The answer are teams such Footscray JUST (no longer in existence) and Melbourne Knights. The connection was even acknowledged by the Knights in a tweet before the AFL Grand Final.
— Melbourne Knights FC (@MelbKnights) September 30, 2016
But now we arrive at the elephant in the room, where angels fear to tread. The fact that teams like Footscray JUST and Melbourne Knights are not artificial constructions – they were created by a community, and that community is predominantly from a certain part of Europe.
I can go through all the arguments I’ve had on this subject before. The main one that it really doesn’t matter whether a team was created by Australians who happen to be of Croatian, or Greek heritage no more than those from Ireland or Scotland. But the fact is that following a team is in the realm of emotion, not rationality. I know of committed Association Football fans who didn’t give a hoot who created the team, they wanted to follow football. The evidence remains whether there were enough to sustain a competition. Beside emotion, we are dealing with perception rather than reality. And while true believers knew that many teams were broadening from their traditional origins didn’t matter if the perception was there amongst some potential Association Football fans.
So the A-League was created with no or little NESB heritage.
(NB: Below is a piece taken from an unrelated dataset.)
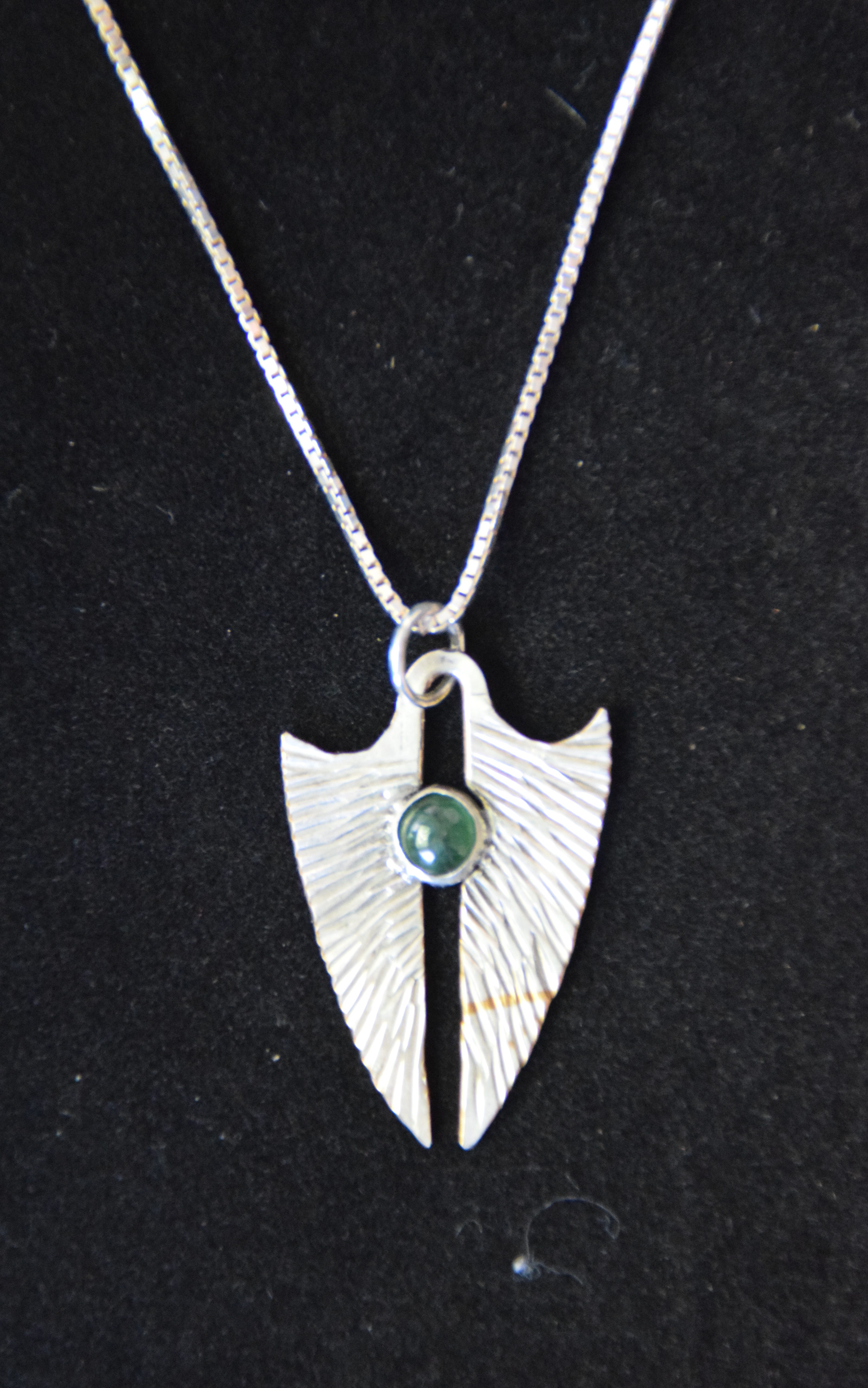 “Split” necklace, silverplate on copper, 29x19mm, 5mm emerald cabochon, $90

This was construed as appeasing xenophobia by some traditional team supporters. It may also be understandablein marketing terms (remember we are dealing with perception) that the FFA wanted a ‘clean break’ from a competition that perhaps undeservedly didn’t have a great reputation. But this placed those communities that fostered and nurtured the sport for years offside, and adding to the injury when they were allowed to participate in a nation wide competition with the FFA Cup, the FFA rushed to ensure they wouldn’t display any ‘ethnicity’ through the National Club Identity Policy (NCIP)
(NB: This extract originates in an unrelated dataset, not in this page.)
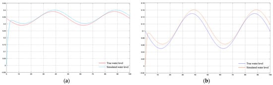 In order to evaluate the performance of the developed water level control model, Simulink simulations are performed in this paper. Without loss of generality, we simulated the control of the two lakes at the optimal water level using Lake Superior and Lake Michigan and Lake Huron as examples, as shown in Figure 11, with time on the horizontal axis and water level change on the vertical axis.

Moving ahead. Traditional teams are an asset, not something to exclude
One thing that the premiership by the Western Bulldogs have shown is that true community teams create a buzz. The history, the stories of people who have supported the team for generations etc. These stories are powerful. The fact remains that only traditional teams such as the Melbourne Knights, South Melbourne or Sydney Olympic can deliver these type of stories when Melbourne Victory or SydneyFC can’t.
I saw a bit of that when The Age sent one of its most lyrical writers about Australian Rules Football to write about a FFA Cup match. If anyone reads Martin Flanagan he writes often of the history of Aussie Rules and the AFL, it’s indigenous traditions and past. It was fascinating reading something similar about Association Football.
The main feeling you get about South Springvale Football Club is its closeness. Its star striker, 20-year-old Hameed Ali, is a very quiet young man. Asked what he likes about the club, he says, “They take such good care of you.” Alex Florea, the young man who arrives for training wearing crystal pendants and medallions around his neck to ward off negative energies, puts it this way: “When you love something, you do it unconditionally. You don’t expect anything in return. That’s how it is here – we don’t even get paid.”
These are the ‘Western Bulldogs’ type of stories that only truly community clubs can generate.
While a break from the past may have been necessary twelve years ago, we have now moved on where persisting in excluding traditional teams is illogical and in fact is a loss to the advancement of football in Australia.
Communities that love football and have nurtured it for the past half a century is an asset that has to be included and made felt welcome by the FFA. The creation of a competition where current A-League teams and traditional teams feel are part of something all together through a promotion and relegation system can create something unique in the Australian sporting landscape.
The FFA should not be scared of identities that are NESB. As a first step it should abandon the NCIP, they will see that the sky will not fall down. And then institute a plan for a promotion/relegation system that is viable and sustainable.
Then also Association Football in Australia can have its good vibe stories.